*PROBLEM STATEMENT*: Transcribe nothing except the lines below that run from the one with "wide as rolled." to the one with "Conheça este conjunto", ends included, and do not copy any picture.

DATA SUPPLIED Start Marker

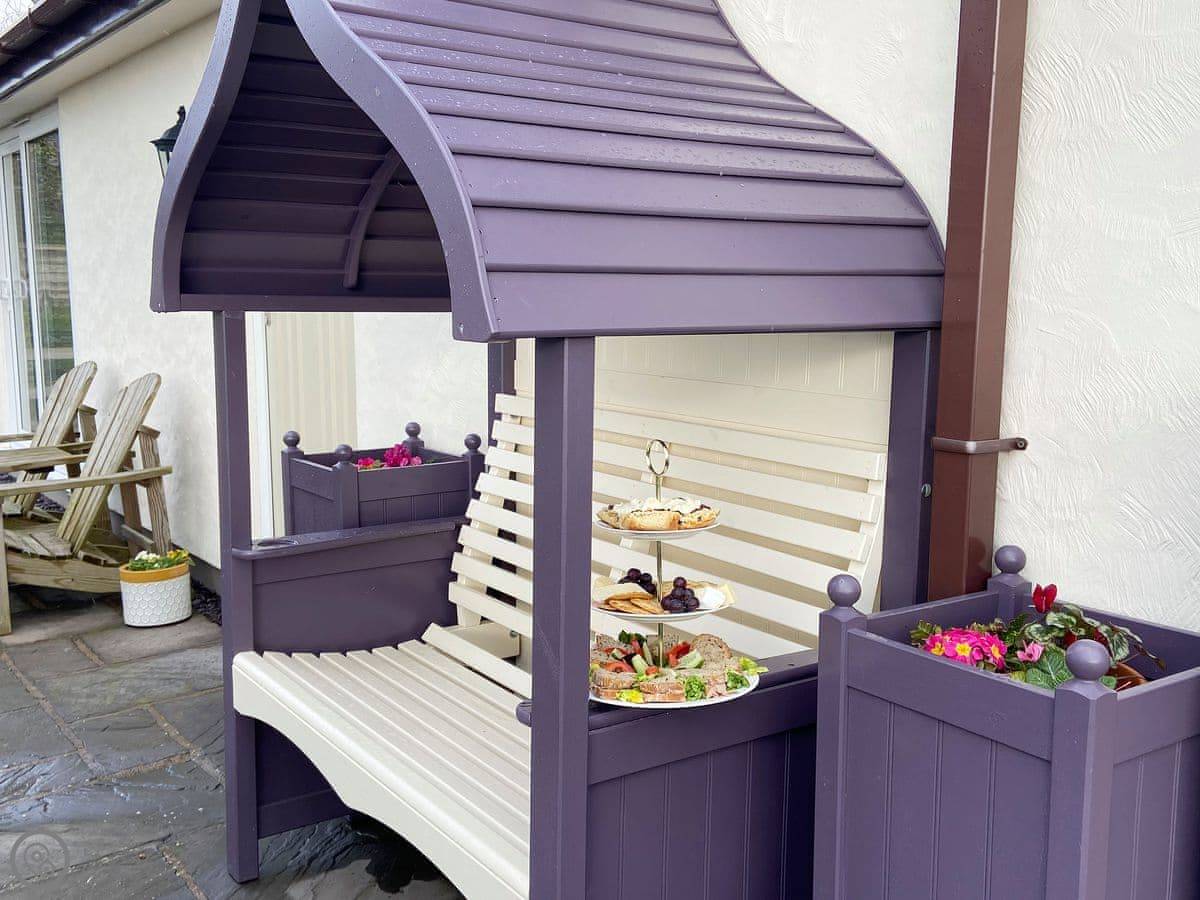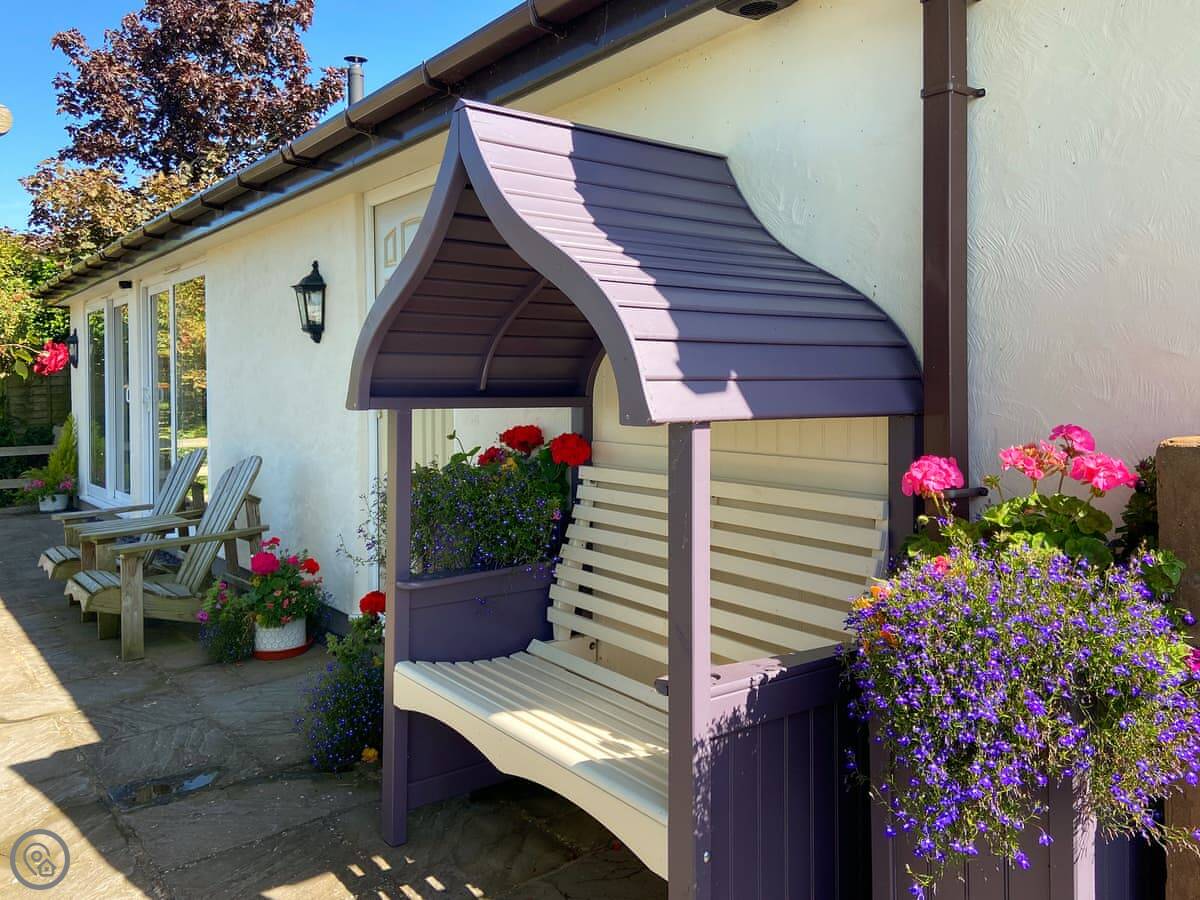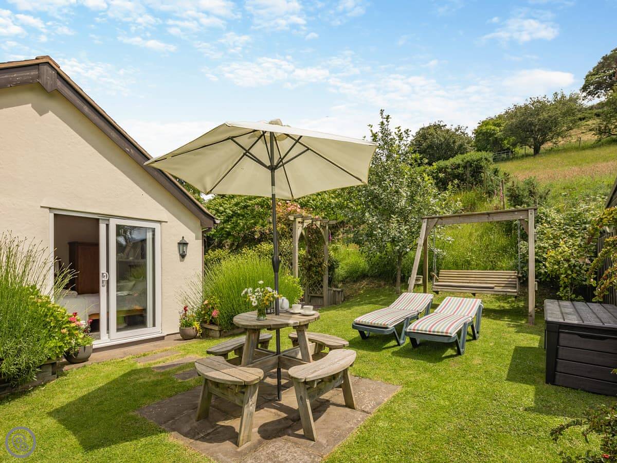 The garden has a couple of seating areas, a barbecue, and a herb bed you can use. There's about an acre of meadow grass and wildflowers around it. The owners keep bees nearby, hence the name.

DATA SUPPLIED End Marker
DATA SUPPLIED Start Marker

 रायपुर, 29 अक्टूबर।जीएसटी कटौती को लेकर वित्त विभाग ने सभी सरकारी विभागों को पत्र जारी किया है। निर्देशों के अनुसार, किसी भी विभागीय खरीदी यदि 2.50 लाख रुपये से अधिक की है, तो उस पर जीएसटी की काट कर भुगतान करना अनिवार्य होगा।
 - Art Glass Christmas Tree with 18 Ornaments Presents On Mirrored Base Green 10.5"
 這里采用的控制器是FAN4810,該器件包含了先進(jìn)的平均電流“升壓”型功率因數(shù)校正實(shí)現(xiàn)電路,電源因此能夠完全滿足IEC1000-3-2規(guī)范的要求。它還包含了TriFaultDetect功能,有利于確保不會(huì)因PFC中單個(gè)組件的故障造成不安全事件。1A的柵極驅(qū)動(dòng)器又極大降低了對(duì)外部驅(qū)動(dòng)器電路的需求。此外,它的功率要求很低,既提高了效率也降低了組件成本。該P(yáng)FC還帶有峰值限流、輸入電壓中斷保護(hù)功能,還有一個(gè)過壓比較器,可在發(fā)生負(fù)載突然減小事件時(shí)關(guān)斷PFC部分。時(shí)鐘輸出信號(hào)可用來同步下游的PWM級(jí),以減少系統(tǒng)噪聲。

DATA SUPPLIED End Marker
DATA SUPPLIED Start Marker

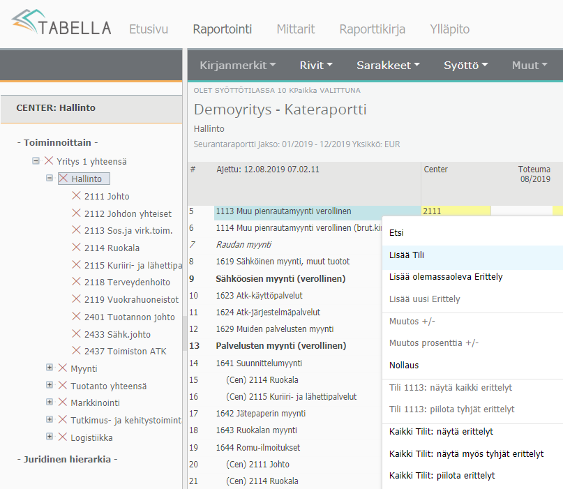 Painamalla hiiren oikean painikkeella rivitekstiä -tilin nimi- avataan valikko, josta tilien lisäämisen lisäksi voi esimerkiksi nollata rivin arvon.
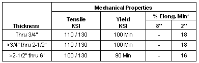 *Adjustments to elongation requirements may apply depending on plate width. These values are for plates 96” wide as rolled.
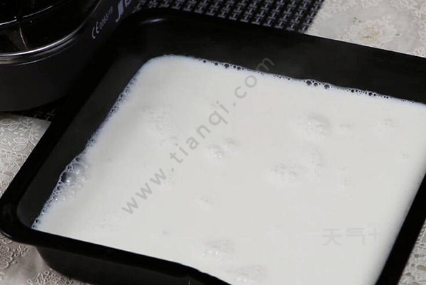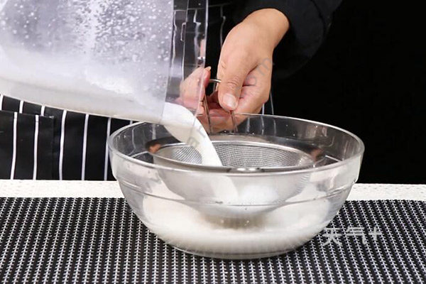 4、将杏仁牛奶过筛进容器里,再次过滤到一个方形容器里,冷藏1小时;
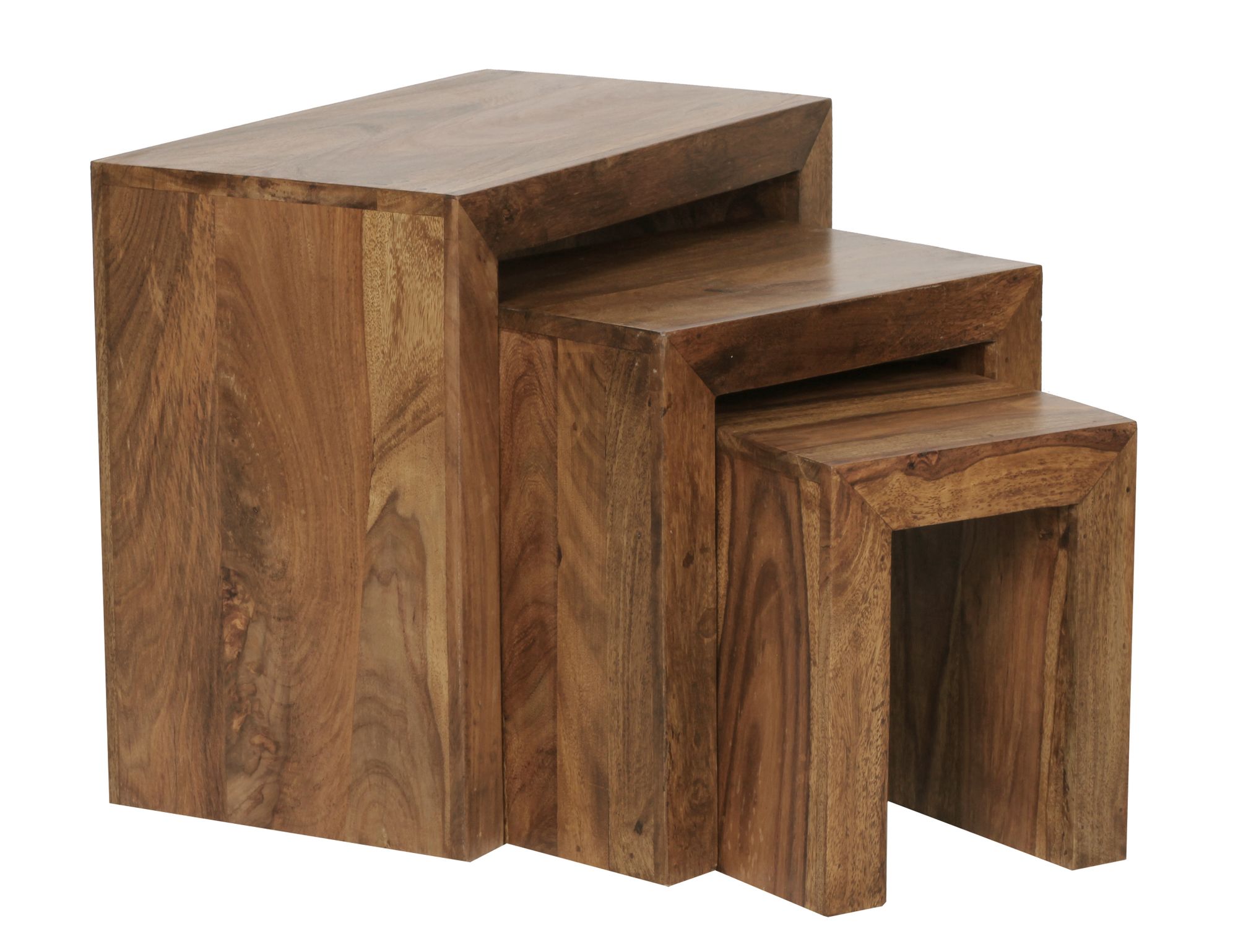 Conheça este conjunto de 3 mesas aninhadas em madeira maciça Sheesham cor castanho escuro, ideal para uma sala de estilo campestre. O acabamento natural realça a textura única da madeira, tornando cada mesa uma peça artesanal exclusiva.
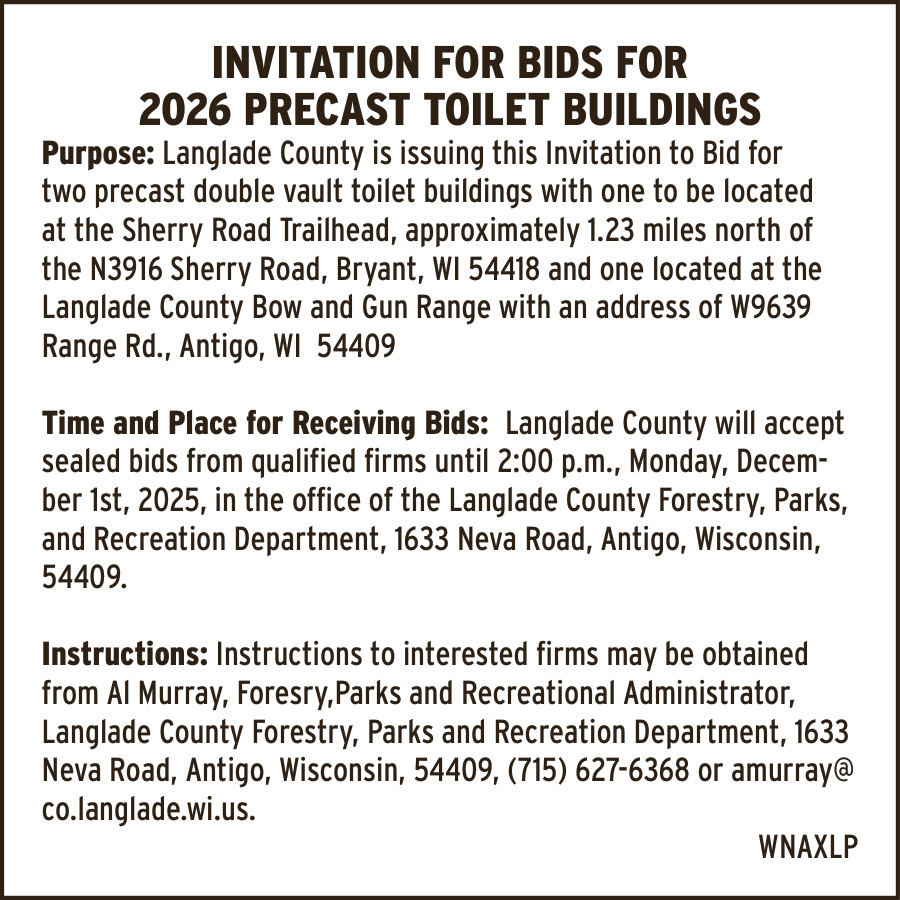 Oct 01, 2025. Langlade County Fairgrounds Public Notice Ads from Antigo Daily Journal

DATA SUPPLIED End Marker

*REPLY*:
 *Adjustments to elongation requirements may apply depending on plate width. These values are for plates 96” wide as rolled.
 4、将杏仁牛奶过筛进容器里,再次过滤到一个方形容器里,冷藏1小时;
 Conheça este conjunto de 3 mesas aninhadas em madeira maciça Sheesham cor castanho escuro, ideal para uma sala de estilo campestre. O acabamento natural realça a textura única da madeira, tornando cada mesa uma peça artesanal exclusiva.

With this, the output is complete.